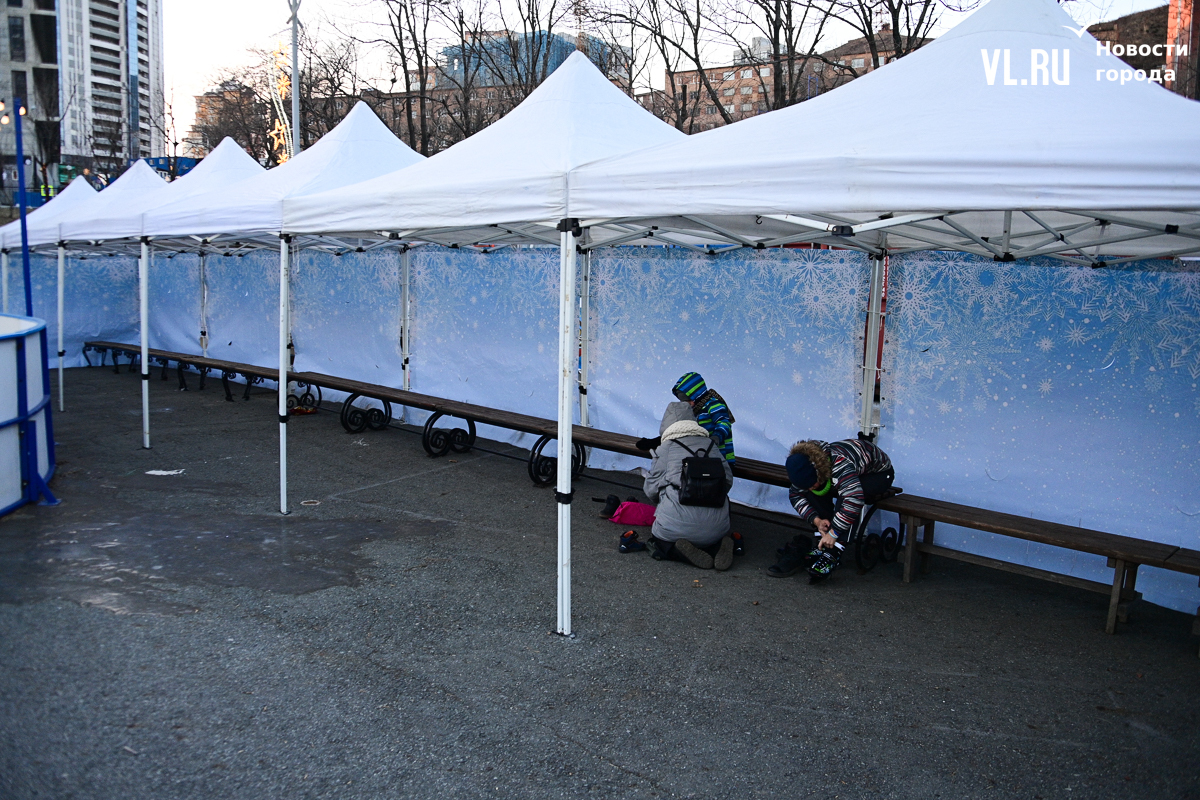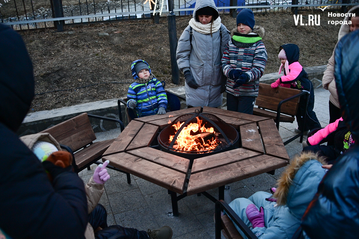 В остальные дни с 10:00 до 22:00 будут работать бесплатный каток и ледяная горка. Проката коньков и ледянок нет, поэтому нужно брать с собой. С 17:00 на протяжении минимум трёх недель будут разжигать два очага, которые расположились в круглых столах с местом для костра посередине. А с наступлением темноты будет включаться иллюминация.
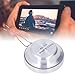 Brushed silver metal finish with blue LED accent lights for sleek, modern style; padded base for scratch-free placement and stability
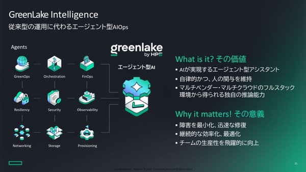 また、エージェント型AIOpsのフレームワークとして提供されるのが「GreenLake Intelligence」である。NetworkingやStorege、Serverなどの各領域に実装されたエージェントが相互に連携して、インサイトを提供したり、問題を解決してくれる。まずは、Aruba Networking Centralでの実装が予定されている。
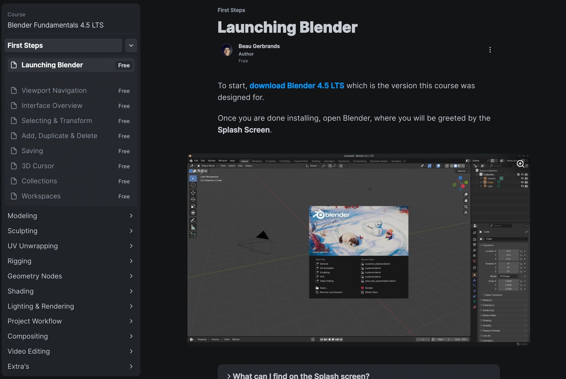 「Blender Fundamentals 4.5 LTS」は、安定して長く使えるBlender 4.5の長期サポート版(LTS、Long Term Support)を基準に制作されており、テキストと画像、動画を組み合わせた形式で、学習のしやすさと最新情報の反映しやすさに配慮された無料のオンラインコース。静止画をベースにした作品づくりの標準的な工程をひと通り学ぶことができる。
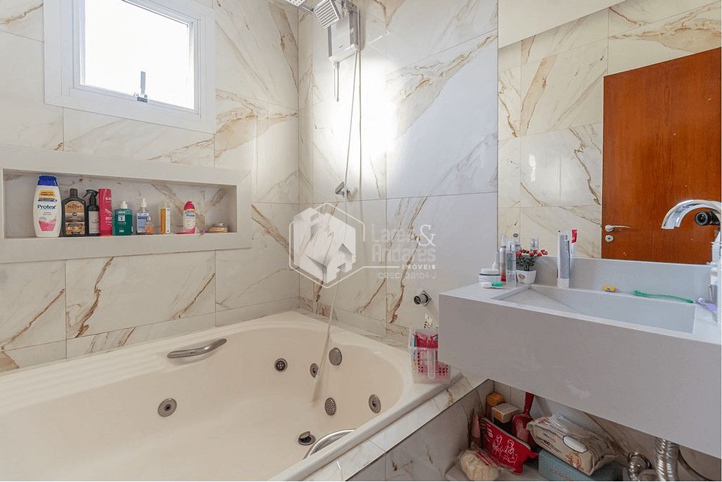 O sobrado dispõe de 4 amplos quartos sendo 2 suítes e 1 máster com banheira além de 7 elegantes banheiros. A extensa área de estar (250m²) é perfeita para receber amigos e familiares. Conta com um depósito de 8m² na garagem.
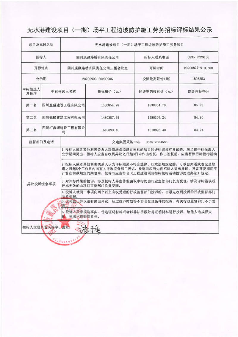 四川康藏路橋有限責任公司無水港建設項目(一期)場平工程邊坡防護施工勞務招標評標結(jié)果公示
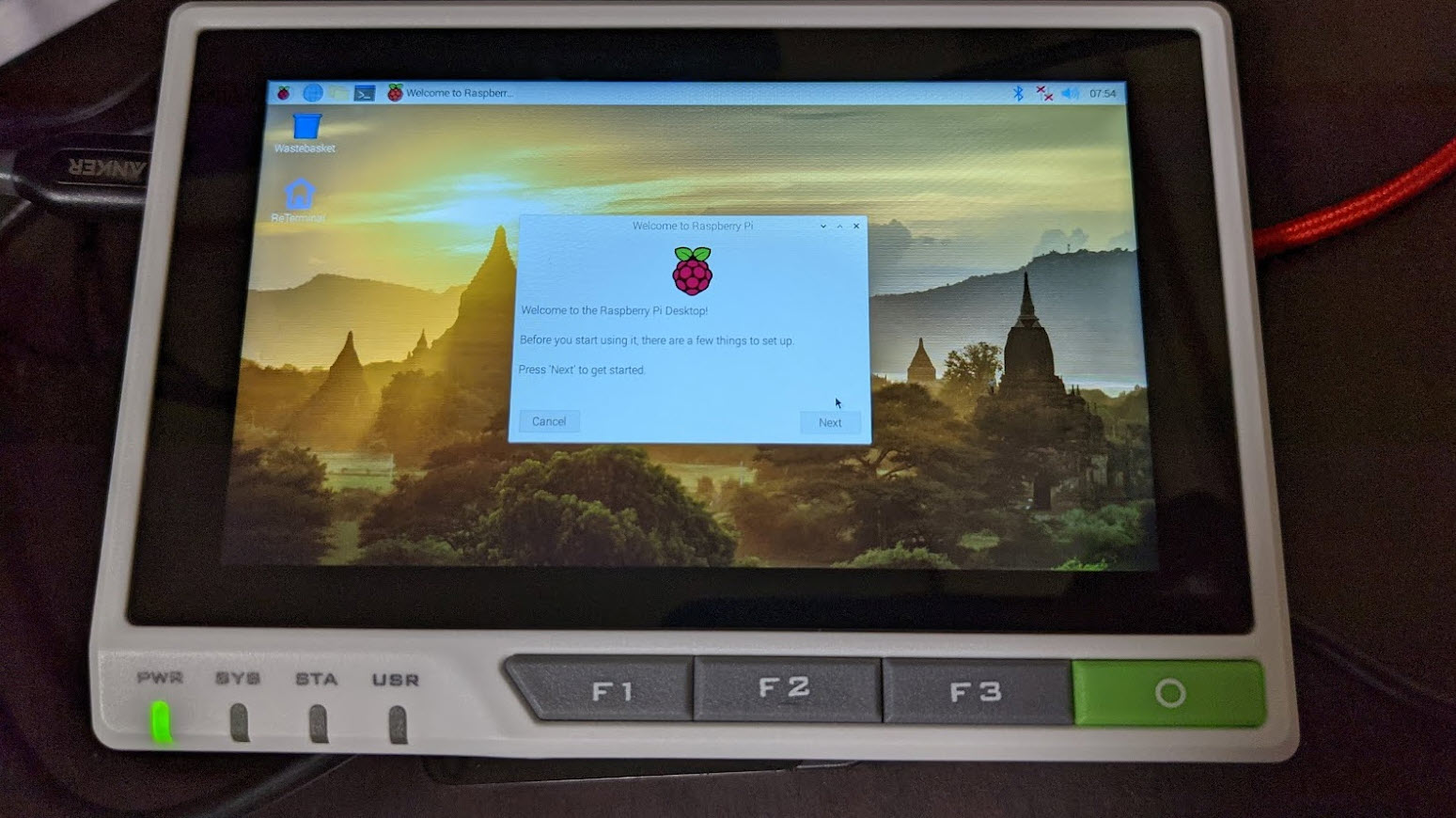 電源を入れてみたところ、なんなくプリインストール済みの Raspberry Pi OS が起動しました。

* **Work item**
Beginning at the line with "Brushed silver metal", reproduce word for word each line through the last line of the records. Include both ends but no pictures.

* **Answer to the exercise**
 Brushed silver metal finish with blue LED accent lights for sleek, modern style; padded base for scratch-free placement and stability
 また、エージェント型AIOpsのフレームワークとして提供されるのが「GreenLake Intelligence」である。NetworkingやStorege、Serverなどの各領域に実装されたエージェントが相互に連携して、インサイトを提供したり、問題を解決してくれる。まずは、Aruba Networking Centralでの実装が予定されている。
 「Blender Fundamentals 4.5 LTS」は、安定して長く使えるBlender 4.5の長期サポート版(LTS、Long Term Support)を基準に制作されており、テキストと画像、動画を組み合わせた形式で、学習のしやすさと最新情報の反映しやすさに配慮された無料のオンラインコース。静止画をベースにした作品づくりの標準的な工程をひと通り学ぶことができる。
 O sobrado dispõe de 4 amplos quartos sendo 2 suítes e 1 máster com banheira além de 7 elegantes banheiros. A extensa área de estar (250m²) é perfeita para receber amigos e familiares. Conta com um depósito de 8m² na garagem.
 四川康藏路橋有限責任公司無水港建設項目(一期)場平工程邊坡防護施工勞務招標評標結(jié)果公示
 電源を入れてみたところ、なんなくプリインストール済みの Raspberry Pi OS が起動しました。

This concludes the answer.